Il transgene su ARL13B può avere un effetto sull'espressione di ARL13B e sulla lunghezza delle ciglia primarie. Studi precedenti hanno misurato diverse lunghezze delle ciglia primarie con la linea ARL13B-CENTRIN-2 rispetto ad ARL13B non transgene in alcune regioni del cervello del topo, senza differenze in altre¹⁶. Un altro studio ha osservato differenze nella lunghezza delle ciglia primarie in una linea di topo ARL13B marcata con GFP rispetto ad ARL13B non marcata nei fibroblasti embrionali di topo¹⁰. Il lavoro in corso sta verificando eventuali cambiamenti nella lunghezza delle ciglia primarie nella cartilagine di crescita e in altri tessuti confrontando i risultati utilizzando la linea di topi ARL13B-CENTRIN-2 con colorazione anticorpale contro ARL13B non transgenico.

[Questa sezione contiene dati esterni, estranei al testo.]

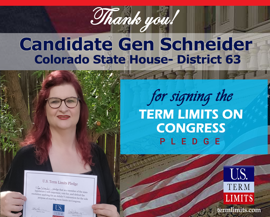 The U.S. Term Limits pledge is provided to candidates and members of state legislatures. It reads, “I pledge that, as a member of the state legislature, I will cosponsor, vote for, and defend the resolution applying for an Article V convention for the limited purpose of enacting term limits on Congress.”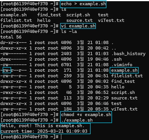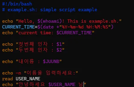 - echo로 example.sh를 만들고, vi로 내용을 작성한다.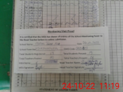 | Attendance Register | Head Teacher | MEA with School | Visit Proof |
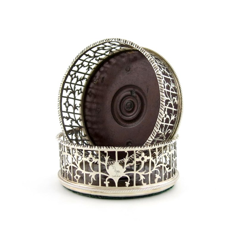 circular form, pierced foliate scroll decoration, gadroon borders, with turned wooden bases, with a crest, diameter 11.5cm, height 4.5cm. (2)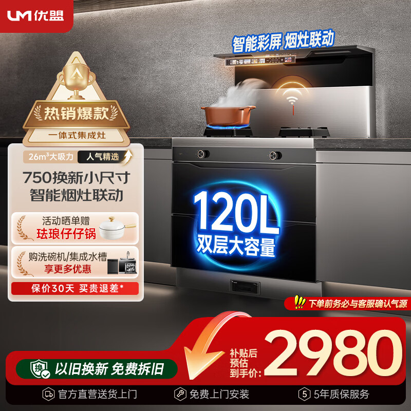 优盟是国民厨电品牌,在集成灶领域同样表现不俗。它最大的特点就是"技术成熟、功能全面、性价比高",产品线非常丰富,从基础款到智能款都有覆盖。很多型号都配备了智能控制、多档调节等实用功能,用起来特别省心。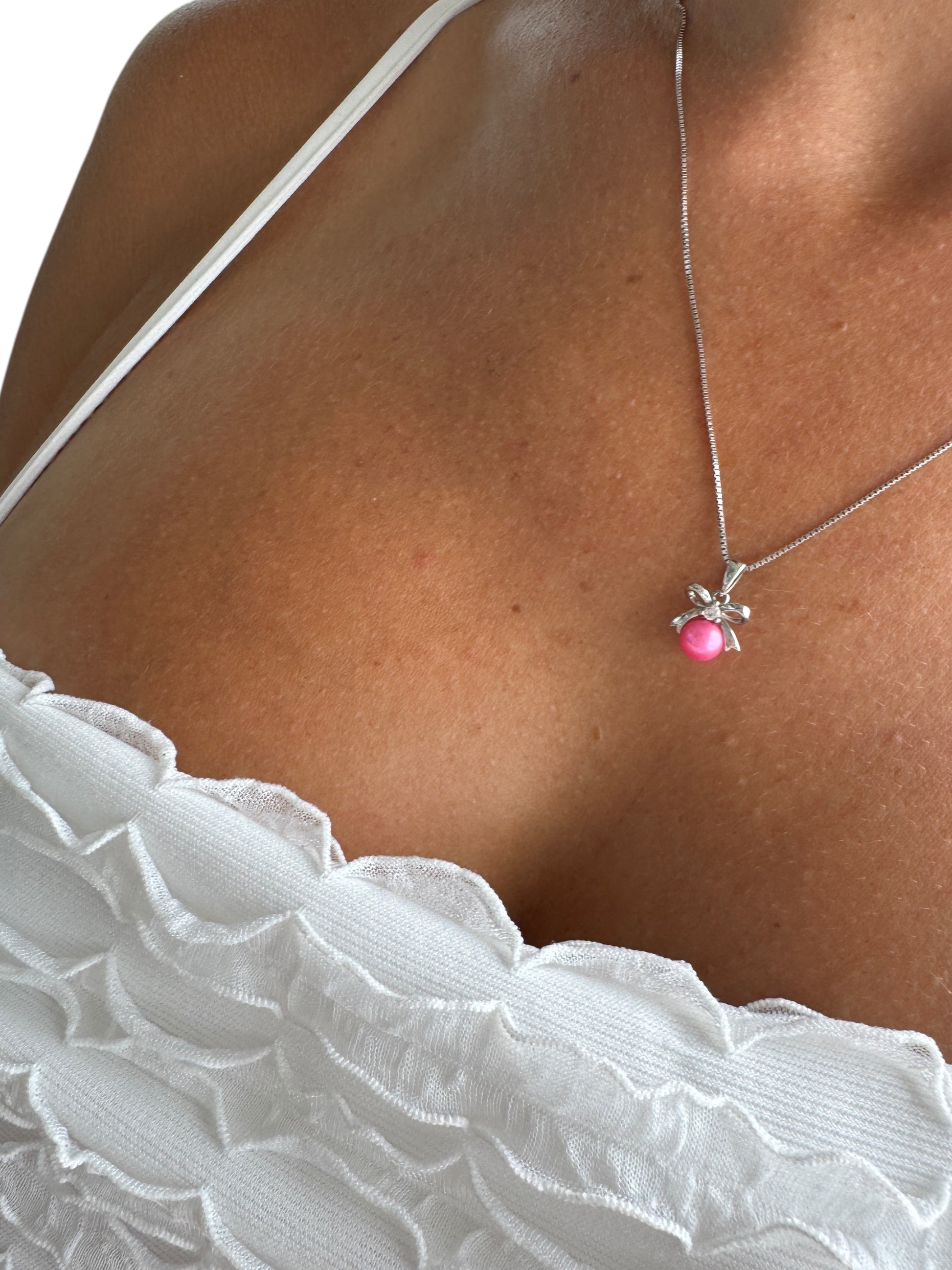Elevate your look with this elegant 925 Sterling Silver CZ Bow Pendant Pearl Necklace. Perfect for any occasion, this necklace allows you to add a personal touch with your choice of pearls. During our live event, we’ll reveal your surprise pearl color, choose from your pearl vault or you can choose from the available color palette below.
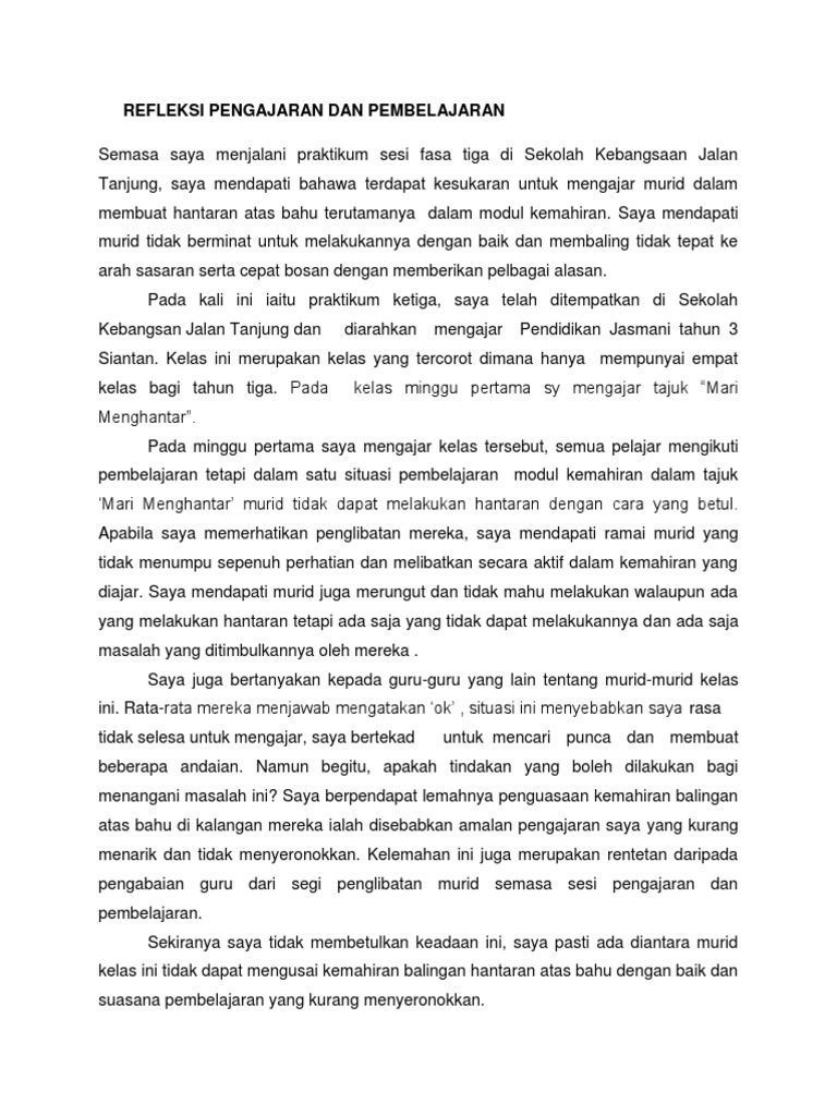 Refleksi Pengajaran Dan Pembelajaran K Prashana Nair Kumaran Academia Edu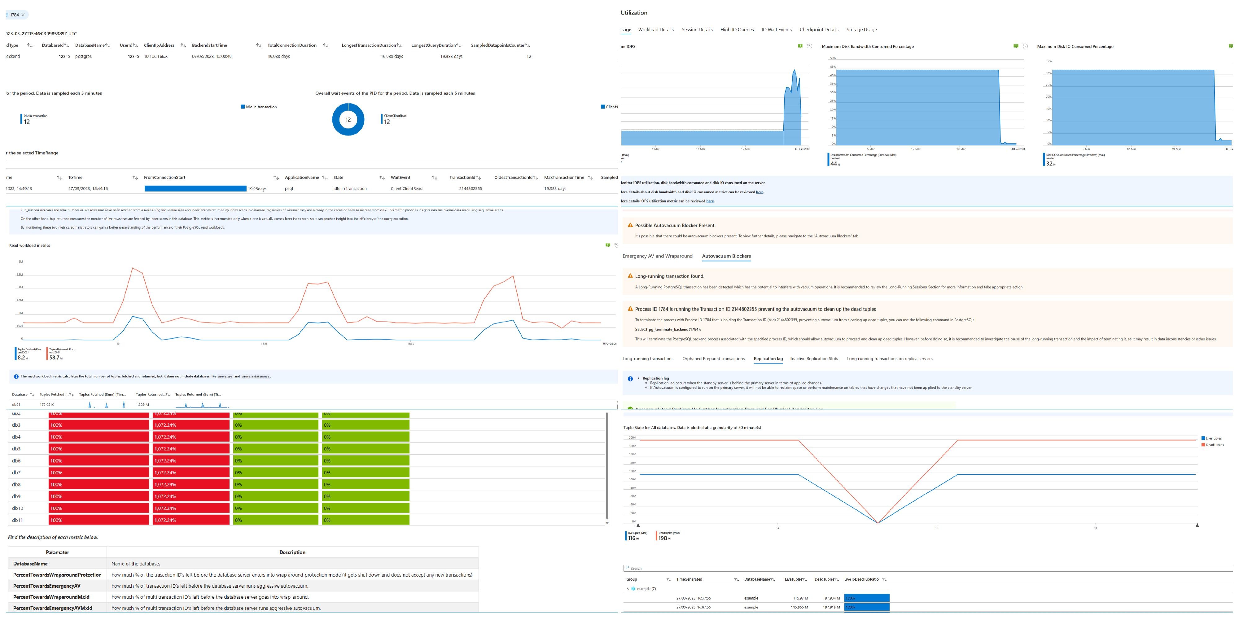 每个指南都包含多个图表、指南和针对可能遇到的特定问题定制的建议,这有助于加快故障排除过程。 故障排除指南直接集成到 Azure 门户和 Azure Database for PostgreSQL 灵活服务器实例中,使其使用方便。
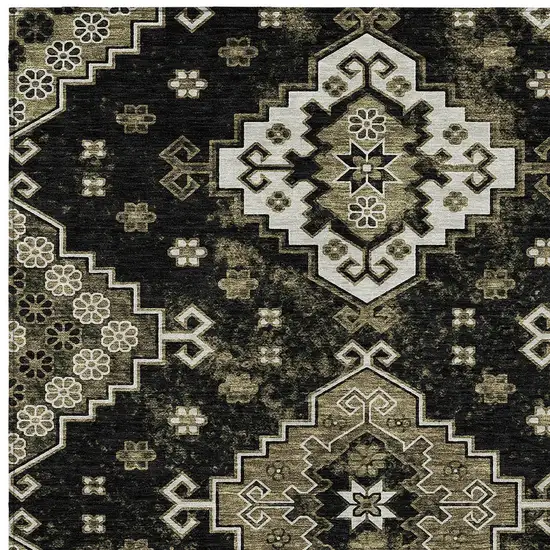 This 5-foot x 8-foot black ivory and taupe medallion washable indoor outdoor area rug, is a great way to add warmth to a room. This rectangle shaped rug features a medallion design that will work well both indoors or out. A classic shape marries with good looking design for your living room, hall, bedroom, porch, patio, or poolside. The coloration of this rug infuses an updated and modern vibe into your space. Ideal for outdoor spaces or high traffic areas with kids and pets, this rug is made from heavy duty polyester that is stain resistant to help repel water, dirt, and stains. Makes a great way to dress up your patio, porch, or poolside, but also works well as a durable and easy to maintain option in the kitchen, family room, or mudroom. 60-inch h x 90-inch w x 0.19-inch d.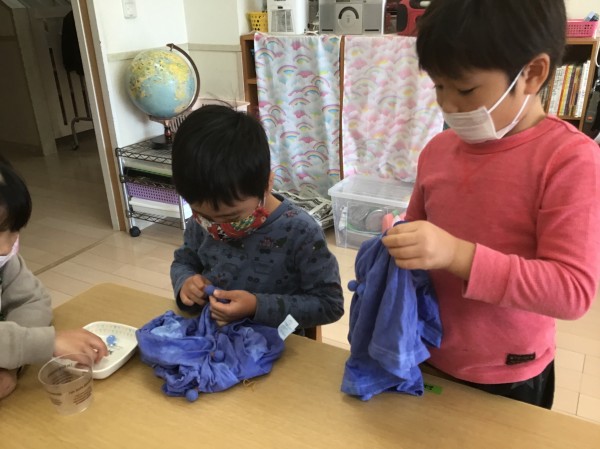 こどもの家・志木中宗岡 ゆり組(5歳)クラスTシャツ作り(染物体験)(^^)/
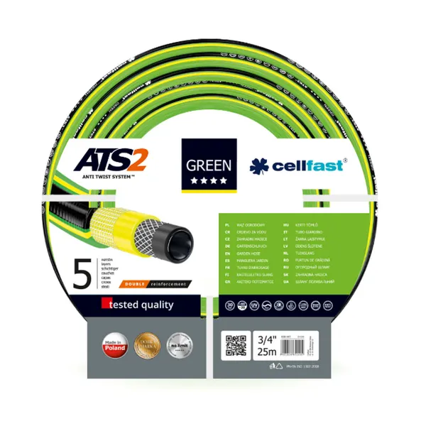 • Cellfast Green ATS2 kerti locsolótömlő 3/4″ 25 m, 5 rétegű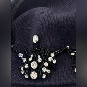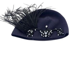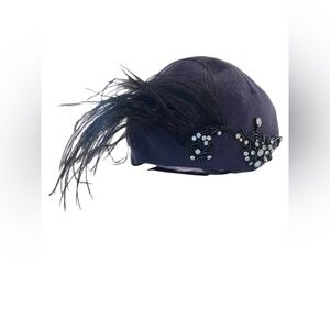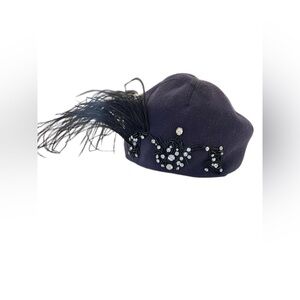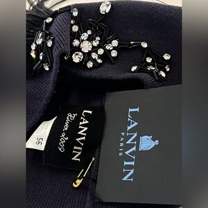 This is a new with tag, Lanvin purple kint hat embellished with rhinestones and black feather in size 56. 9" lay flat without stretching. Material is 100%wool.
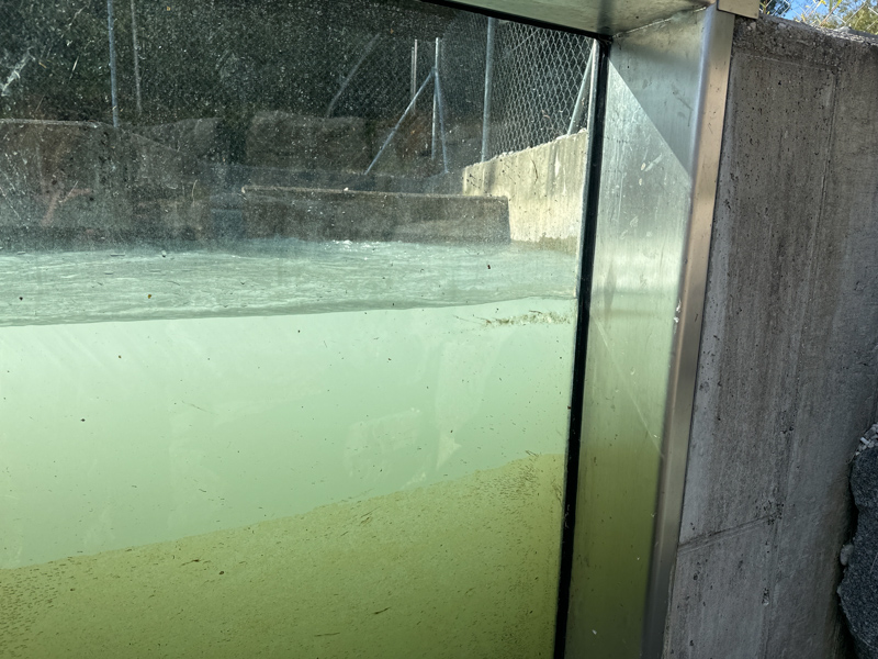 Dann gehts Treppenstufen runter und man sieht die Isar durch einen eingeschlossenen Bereich in verschiedenen Farben - grün und Hellgrün.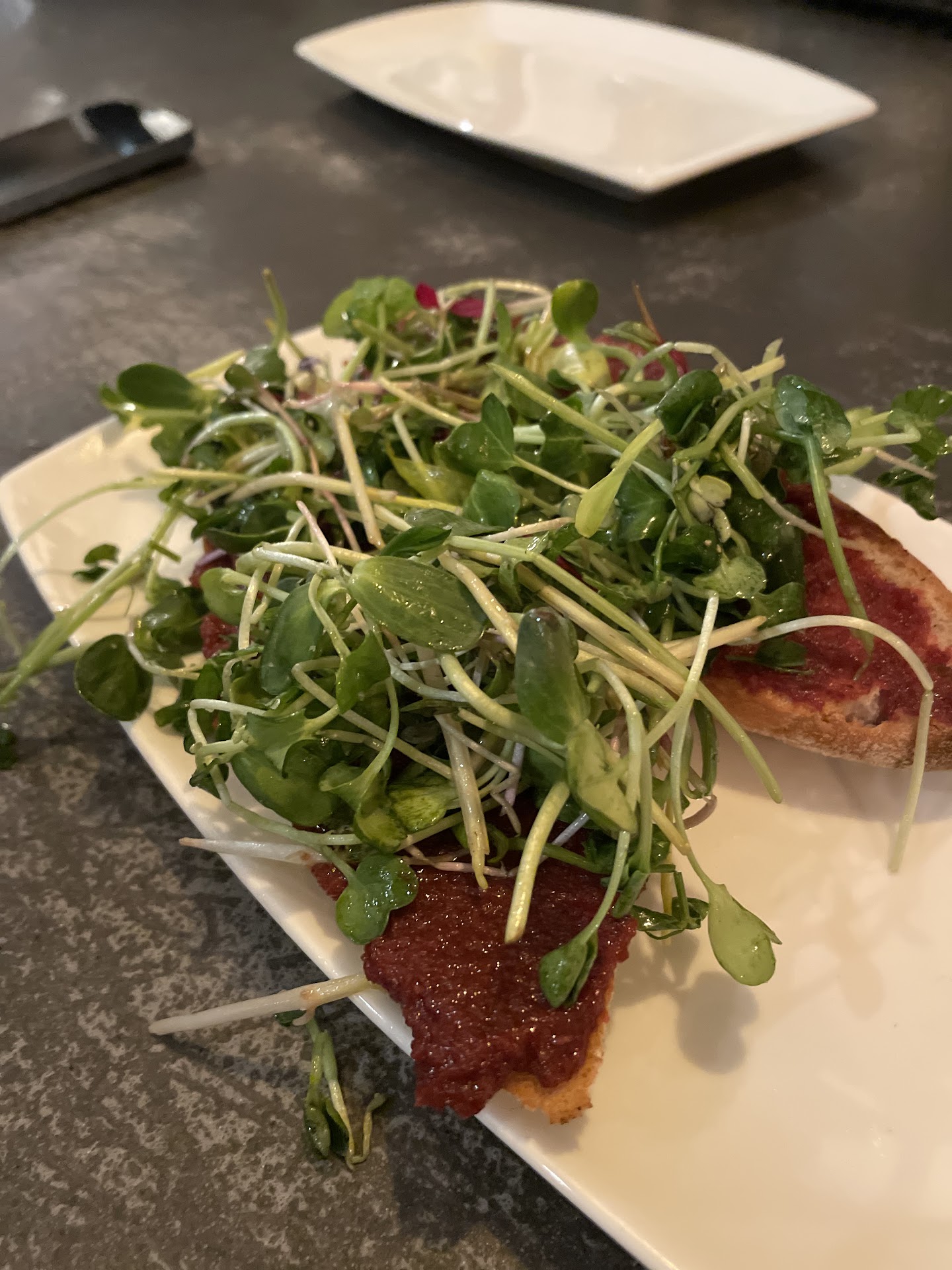 We each got a flight, and we shared the pours between the two of us. Even the flight pours were large enough to share between two people. The bubbles and the reds were all good, the zinfandel they had was a standout. We shared the smoky eggplant crostini was very good. We also got entrees of blackened salmon with the brussel sprouts and a sausage pizza.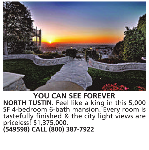 YOU CAN SEE FOREVER NORTH TUSTIN. Feel like a king in this 5,000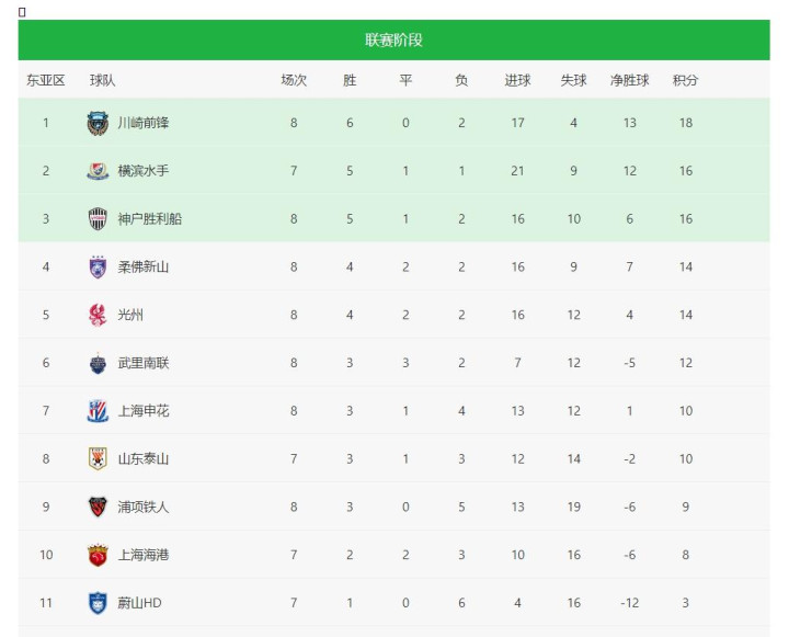 看看已经确定出线的球队,基本上都是实力比较强的球队,川崎前锋拿了18分,横滨水手和神户胜利船都有16分。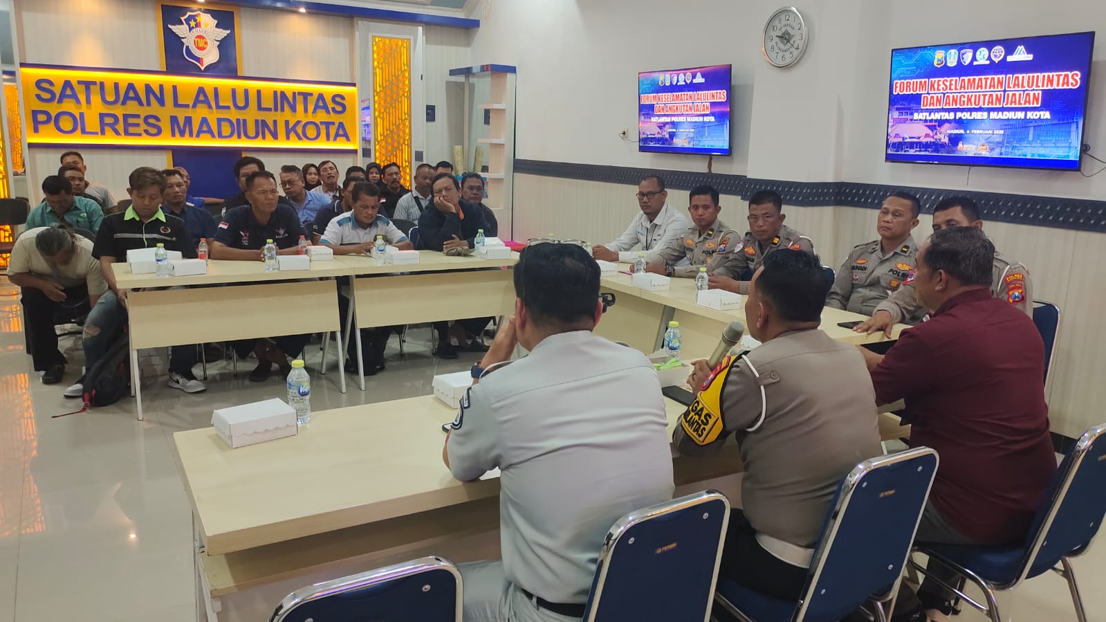 KOTA MADIUN,BUSERJATIM.COM GROUP – Demi meningkatkan keselamatan dan kelancaran lalu lintas, Satuan Lalu Lintas (Satlantas) Polres Madiun Kota menggelar kegiatan Forum Keselamatan Lalu Lintas dan Angkutan Jalan (Kesla) di TMC Satlantas.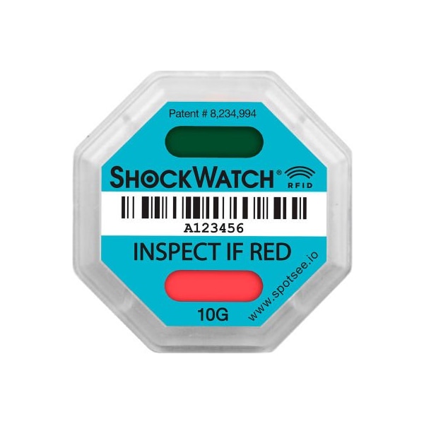 SpotSee ShockWatch RFID Impact Indicators, 10G Range, Teal, 100/Box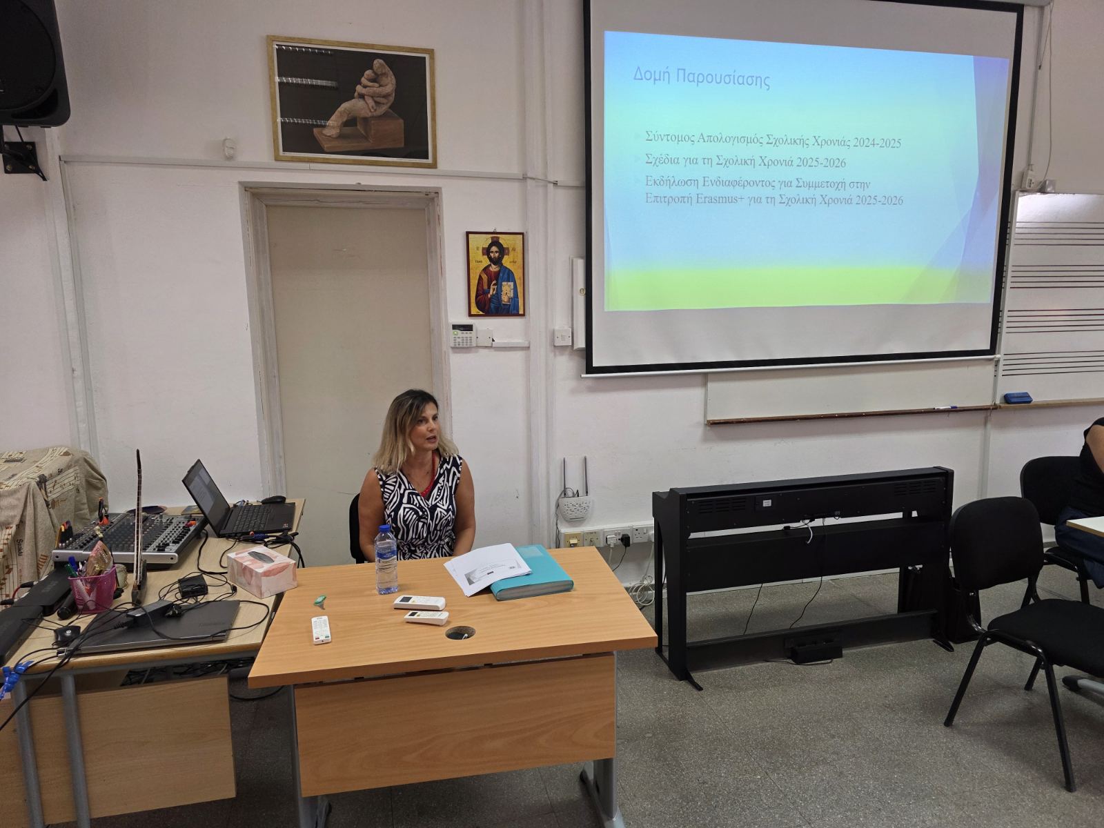 Την Τετάρτη 3 Σεπτεμβρίου 2025 παρουσιάστηκε σε συνεδρίαση του Καθηγητικού Συλλόγου ο απολογισμός των δράσεων του Σχολείου στο πλαίσιο του Προγράμματος Erasmus+ κατά τη σχολική χρονιά 2024-25 και τα σχέδια μας για τη νέα σχολική χρονιά. Επίσης, πραγματοποιήθηκε διάχυση της νέας γνώσης που αποκτήθηκε μέσω επιμορφωτικών σεμιναρίων στο εξωτερικό συγχρηματοδοτούμενων από το Πρόγραμμα Erasmus+, τα οποία παρακολούθησαν εκπαιδευτικοί του Σχολείου μας κατά τη σχολική χρονιά 2024-25.

La pipeline di analisi delle immagini in questo protocollo è stata progettata per misurare successivamente la percentuale di ciliazione, la lunghezza e l'orientamento 3D delle ciglia primarie, nonché il numero di centrioli e la posizione nella placca di crescita. Il software di analisi delle immagini consente di creare tubazioni personalizzate modificando i passaggi coinvolti. L'output di questa pipeline è un foglio di calcolo con le misure delle caratteristiche scelte per le cellule, le ciglia e i centrioli rilevati. La postanalisi può quindi essere eseguita in R o in altri software in base agli scopi dello studio. Come per le impostazioni di imaging, i passaggi della pipeline e le impostazioni specifiche possono essere modificati per funzionare su immagini diverse e in base agli obiettivi dello studio. Nel complesso, questo metodo consente un'analisi ad alto rendimento delle ciglia primarie rispetto a quanto pubblicato in precedenza nella piastra di crescita. Il numero di cellule e ciglia associate che possono essere studiate consente misurazioni più grandi e più affidabili.

Gli autori non hanno conflitti di interesse da dichiarare.

Ringraziamo tutti i membri dello staff della BSU presso il Kennedy Institute of Rheumatology, in particolare Albertino Bonifacio, per l'allevamento degli animali. Ringraziamo il Centro di eccellenza per l'imaging biomedico di Oxford-ZEISS per l'assistenza nell'uso del microscopio, in particolare il Dr. Jacky (Ka Long) Ko per l'aiuto nello sviluppo della pipeline di analisi delle immagini. Questo lavoro è stato sostenuto dalla borsa di studio Kennedy Trust of Rheumatology Research (Johnson) e dal Biotechnology and Biological Sciences Research Council (BBSRC, BB/X007049/1).